Come sottolinea Luciano Galliani nella prefazione, negli ultimi vent’anni l’apprendimento permanente è diventato un principio ispiratore dei processi di riforma e degli indirizzi politici definiti a livello europeo ed è stato assunto anche come impegno dalle università europee con la European Universities’ Charter on Lifelong Learning (2008).
Il volume ripercorre le tappe dell’evoluzione del concetto di lifelong learning in chiave europea, concentrandosi in particolare sull’idea di competenza e sulla centralità della progettazione per competenze. Sono esaminate «teorie, modelli, pratiche di riconoscimento e certificazione delle competenze, nel dialogo, difficile ma ormai necessario, tra apprendimento avvenuto in contesti formali, non formali e informali».
L’autrice analizza il significativo pensiero di alcuni autori – John Dewey, Donald Schön, Jack Mezirow e David Kolb –, sottolineando in particolare il valore della riflessione affinché il sapere delle esperienze possa essere capitalizzato e divenire una risorsa per un agire competente in contesti diversificati.
Nel terzo capitolo Serbati prende in esame le pratiche di riconoscimento e certificazione già esistenti.
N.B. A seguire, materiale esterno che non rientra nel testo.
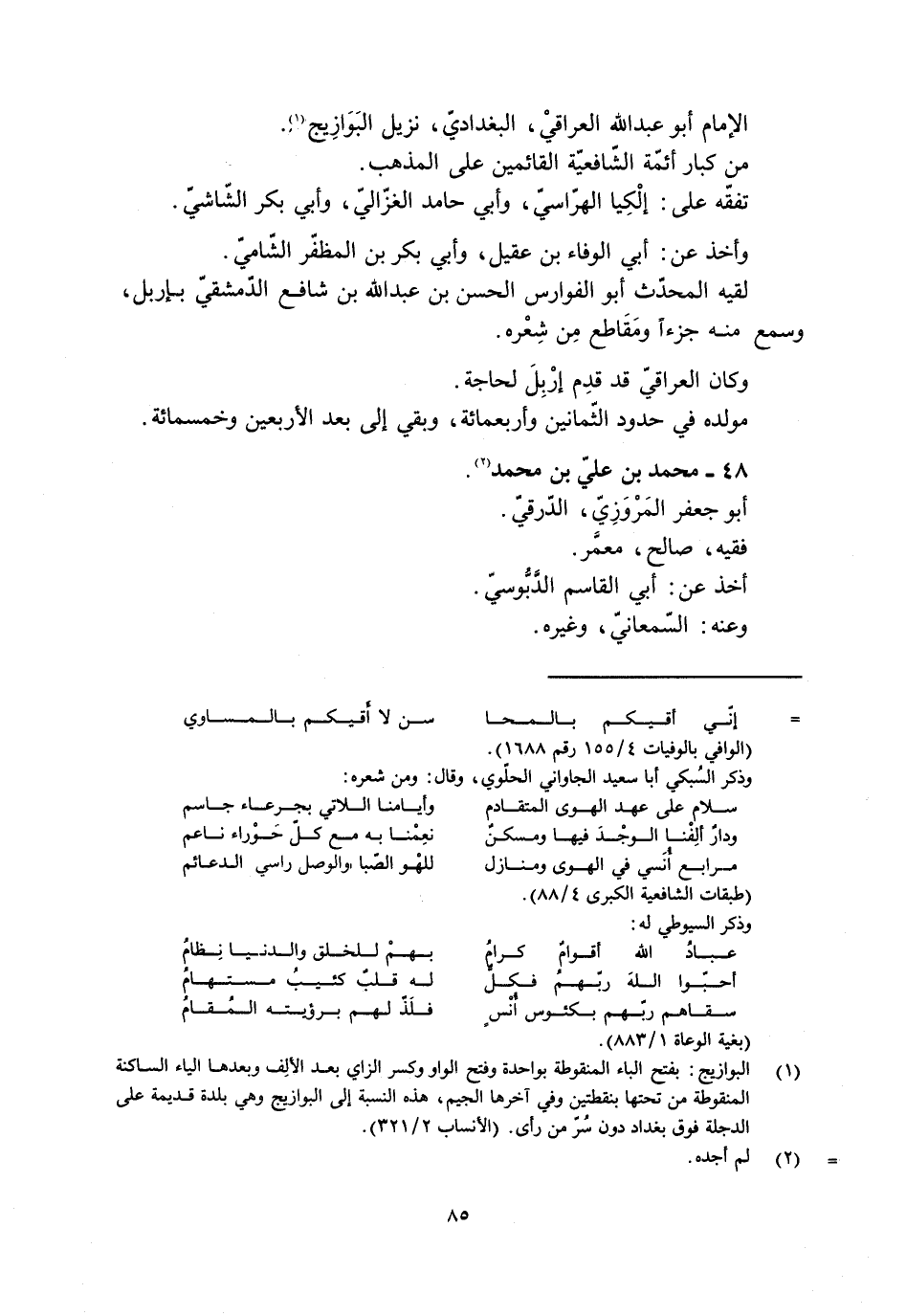 [1] البوازيج: بفتح الباء المنقوطة بواحدة وفتح الواو وكسر الزاي بعد الألف وبعدها الياء الساكنة المنقوطة من تحتها بنقطتين وفي آخرها الجيم، هذه النسبة إلى البوازيج وهي بلدة قديمة على الدجلة فوق بغداد دون سرّ من رأى. (الأنساب 2/ 321) .

Tra le best practices europee, sono distinte due direttrici di modelli (e di strumenti) per riconoscere e validare l’apprendimento esperienziale, il VAE (Validation des Acquis de l’Expérience) francese e l’APEL (Accreditation of Prior Experiential Learning) britannico.
Nell’ultima parte del volume è descritto un caso di applicazione empirica di un percorso di riconoscimento degli apprendimenti pregressi svoltosi presso l’Università di Padova, da cui si traggono alcuni suggerimenti per lo sviluppo di percorsi e servizi universitari dedicati al riconoscimento e all’accreditamento dei saperi ovunque acquisiti.
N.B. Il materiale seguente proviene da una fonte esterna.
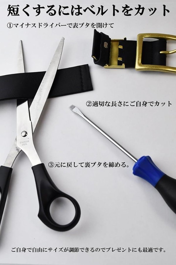 「ウエスト97cmまで対応(5個穴の真ん中で留める場合)」ご自身で簡単にカットしてサイズ調節が可能。

Secondo l’autrice si tratta di una vera e propria rivoluzione copernicana, «dell’abbattimento delle barriere tra sapere teorico e sapere pratico e di contaminazione di apprendimenti e contesti». Molto interessante il modello di sintesi, presentato nelle ultime pagine del libro, delle dimensioni chiave del processo di riconoscimento e certificazione delle competenze, che si sviluppa nell’intreccio tra adulto e istituzione accademica in un continuum che va dall’apprendimento formale a quello non formale e informale.
Sul versante dell’apprendimento non formale e informale si collocano le dimensioni orientativa e didattico-formativa, mirate a favorire nell’adulto lo sviluppo dell’empowerment attraverso il riconoscimento delle proprie conoscenze, abilità e competenze e la centralità del lavoro introspettivo di presa di consapevolezza che ogni persona può compiere, in qualità di vera esperta della propria esperienza di vita.  Rintracciare, nella prospettiva di sviluppo della persona, connessioni tra i contesti formali, non formali e informali può rappresentare un’importante opportunità di valorizzazione del proprio sapere, di riappropriazione delle proprie competenze e risorse e di presa di decisioni più consapevoli e incisive per la propria vita formativa, professionale e personale.  L’apprendimento esperienziale si pone dunque come “quarto sapere” oltre il savoir (conoscenze), il savoir faire (abilità) e il savoir être (competenze).
L’apprendimento permanente e la certificazione delle competenze garantiscono anche il diritto di mobilità nazionale ed europea basato su titoli trasparenti e riconoscibili, rappresentando una sfida sempre più imprescindibile verso una maggiore apertura ad un’utenza accademica nuova e diversificata.